There are few RCT data on the efficacy of supplements, with neither of two eligible trials suggesting benefit. Although mixed results from observational studies have suggested that calcium supplements may increase stone recurrence risk [5
], we identified no RCTs that randomized nephrolithiasis participants to calcium supplements compared with control for prevention of recurrent stones. A systematic review of RCTs of calcium supplementation, mostly performed in older women to prevent fractures or bone loss, reported no increased rate of stone events among those allocated to calcium supplementation [29
The current review is limited by the available evidence. First, heterogeneity in patient populations, treatment interventions, and methods of recurrent stone ascertainment hindered our ability to compare efficacy outcomes among trials and to explain apparently mixed results for specific individual dietary elements and multicomponent diets. Second, though one trial tested a general strategy of extensive metabolic evaluation and tailored diet versus limited evaluation and a general diet, there were no trials that evaluated the efficacy of a diet, fluid, or supplement intervention versus control within any specific metabolic subgroups, such as in patients with hyperoxaluria, hyperuricosuria or hyperuricemia, or hypercalcuria. Third, the small size of most trials limits the confidence that can be placed in efficacy estimates. Fourth, few adverse effects data were reported, though the relatively low withdrawal rates suggested that the interventions were tolerated. Finally, trials were predominately performed in younger men with calcium stones, so the generalizability of results to other patient populations is not certain.

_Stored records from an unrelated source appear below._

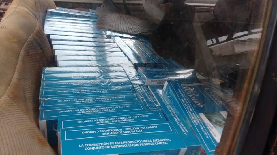 Ao realizar a abordagem, foram encontradas várias caixas de cigarros contrabandeados do Paraguai.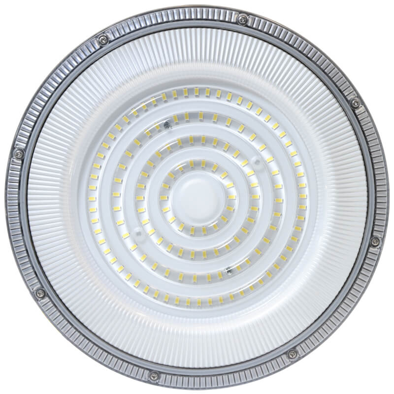 The EHB20NW is an ultra-slim UFO LED High-bay with a modern design, featuring a die-cast aluminium body that ensures effective heat dissipation. This high-performance light provides a bright output of 24000 lumens, powered by energy-efficient SMD2835 LED chips and a reliable DOB (Driver on Board) system. With a colour temperature of 5000K and a 90° beam angle, it offers efficient and even light distribution, making it ideal for industrial and commercial applications. The fixture operates within a voltage range of 180-265V AC and has a luminous efficacy of 120lm/W, ensuring optimal energy performance. It also boasts a power factor of >0.9 and an IP65 rating for dust and water resistance, making it suitable for harsh environments. The EHB20NW is easy to install with a suspension hook and chain included for convenient mounting. This robust lighting solution is built to last offering peace of mind for long-term use.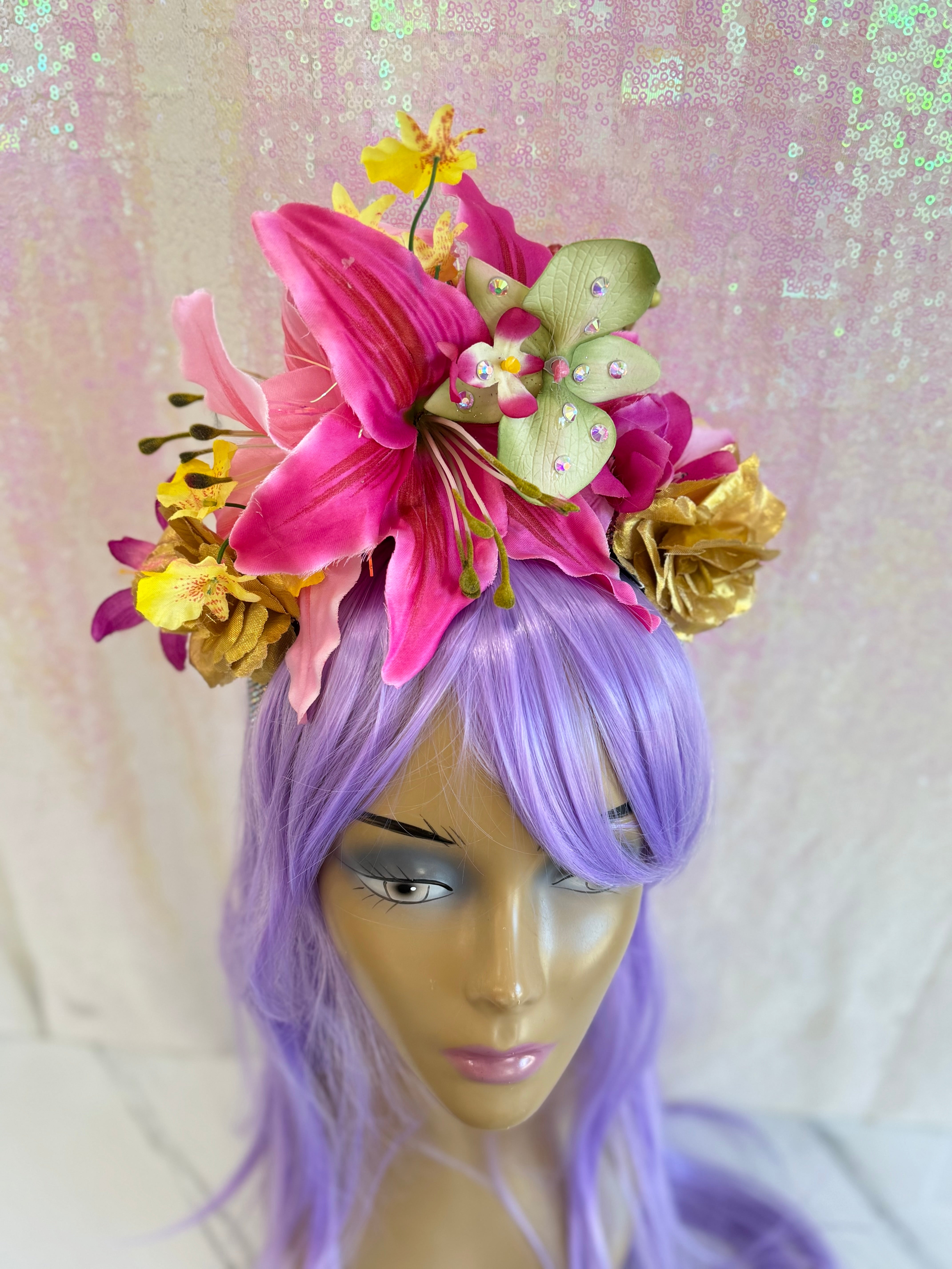 806 Mardi Blooms handmade headpiece by Alligator Eyes (

In conclusion, evidence from this systematic review of RCTs indicates that high water intake reduces risk of recurrent nephrolithiasis and that reduction of soft drink intake may prevent recurrent colic in men with high baseline level of soft drink consumption. Limited data suggest that regular dietary calcium may provide additional benefit. Data on other diet interventions are inconclusive. Future trials are needed to better clarify whether there is additional benefit from reducing dietary intake of animal protein, sodium, or oxalate, and from increasing dietary calcium, potassium, or intake of fruit and/or fiber. Consensus should be sought regarding the definition of clinically meaningful end points, so that efficacy outcomes are standardized across trials. Adverse effects and patient compliance should be better tracked to provide additional insight regarding potential implementation of therapies shown to be effective.